Column: Blame Mexico does not solve the gun and fentanyl crisis

Ken Salazar, the US ambassador to Mexico, spoke to the Los Angeles Times for more than an hour during a visit to California in November. He was eager to discuss the bicentennial celebrations of US-Mexico diplomacy. We really wanted to talk about the border. The pas de deux had many platitudes, some tense moments, and one number I can’t shake: 13,000.

That was Salazar’s estimate of the number of Mexicans studying at our universities at the time. Many of us were surprised to hear it was so low. We have been friends with Mexico for 200 years, and It is all our diplomacy could muster? By comparison, our geopolitical adversary China had over 300,000 on our campuses.

The reason for the split between the two nations is obvious: Chinese students contribute an estimated $15 billion to the economy each year. Mexico’s economy is robust – the 15th largest in the world – but China is second only to the US. Apparently the number is more important than these 200 years.

And therein lies the catch.

Instead of sending 300,000 students to the US like China, Mexico is being trampled by these two giants: China routes fentanyl to the US market through Mexico, and the US exports weapons to Mexico so the cartels can protect their product. It’s an ugly illegal trade triangle and Mexico gets the worst end of every deal.

And yet, as drugs and guns claim lives on both sides of the US southern border, Mexico is being punished for not doing more. More what exactly? President Andrés Manuel López Obrador had his own criticism of Americans this month: “Why don’t you take care of your youth? Why don’t you address the serious problem of social decline? Why not [you] reduce the steady increase in drug use?”

The comments came after Mexican authorities rescued the two Americans kidnapped by members of a drug cartel in the state of Tamaulipas earlier this month. Two more died.

Does López Obrador sound a bit harsh?

He asks sensible questions. However, American politicians have no good answers to offer.

Instead, calls for US military intervention grew in some conservative circles after the kidnappings, for there are those who rarely see a problem that endless war cannot exacerbate. This follows a call from 21 attorneys general for President Biden to designate the cartels as terrorist organizations — sometimes a useful tool to cut funding, but also a dangerous pretext for escalation and military intervention.

And can you imagine the US sending troops to Mexico? They would be faced with a large arsenal of American-made weapons.

It’s not Mexico’s fault. The nation has no equivalent to the second amendment. About 50 gun licenses are issued each year. There is only one shop in all of Mexico where it is legal to buy a gun, and it is controlled by the military. Legal gun sales in Mexico are not the problem.

However, it is estimated that more than 200,000 guns are smuggled from the United States to Mexico each year. The US arms industry has been arming Mexican drug cartels for as long as Mexican drug cartels have existed.

Up to 90% of guns used and prosecuted in crimes in Mexico appear to have originated in the US, mainly Arizona and Texas.
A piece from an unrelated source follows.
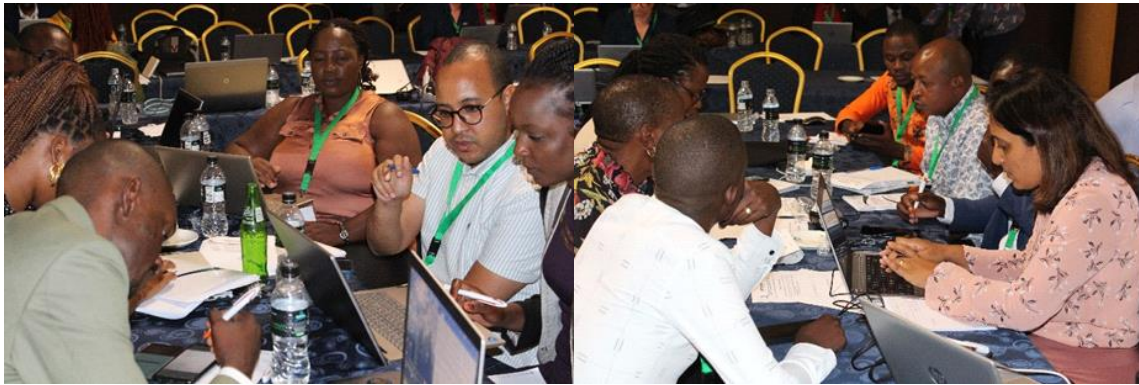
Group work during CLIMTAG workshop, Malawi October 2023

“delivering climate services for building climate resilience of the Agricultural sector in Africa using CLIMTAG”. Held in Lilongwe from October 09-11, 2024, the workshop aimed at enhancing the expertise of climate professionals and agricultural stakeholders in utilizing the CLIMTAG tool. CLIMTAG, the CLimate InforMation Tool for AGriculture provide to decision makers in the agricultural sector with operational climate information, for example about the start of the rainy season or the duration of a drought period. The web-based tool operates at country level and visualizes past, present and future actionable climate information, allowing its users to assess the severity of upcoming climatic changes, design robust national adaptation measures, or support applications for international climate finance.

The proliferation of guns has made mass shootings common at home — last year was the deadliest yet — and now our pastime has been exported to Mexico.

The US is the largest client running Mexican cartels. We are the main supplier of the weapons that make them so deadly. That’s the relationship we’ve built with Mexico. It’s a sad reality, made clear only by the ambassador’s numbers from our November conversation: 300,000 students from China, 13,000 from Mexico.

Chinese students benefit from the American education system because they pay top dollars. Meanwhile, our neighbors, with whom the US is so proud to have maintained diplomatic relations for 200 years, are scarcely represented in educational exchanges that could benefit both sides of the border.

This dynamic reveals the inherent flaw in our approach to foreign policy. We expect other nations to be the ideological purists we lack the courage to be. And every now and then a world leader reminds us of our hypocrisy.

Sometimes it comes from an enemy like Russian President Vladimir Putin, who recently exposed America’s own social problems after criticizing Biden.

Sometimes it’s a friend like López Obrador.

We supply most of the weapons in the world. We have long been the most prolific drug users in the world. And what do we do? Blame one of our oldest friends for the trouble we’ve caused.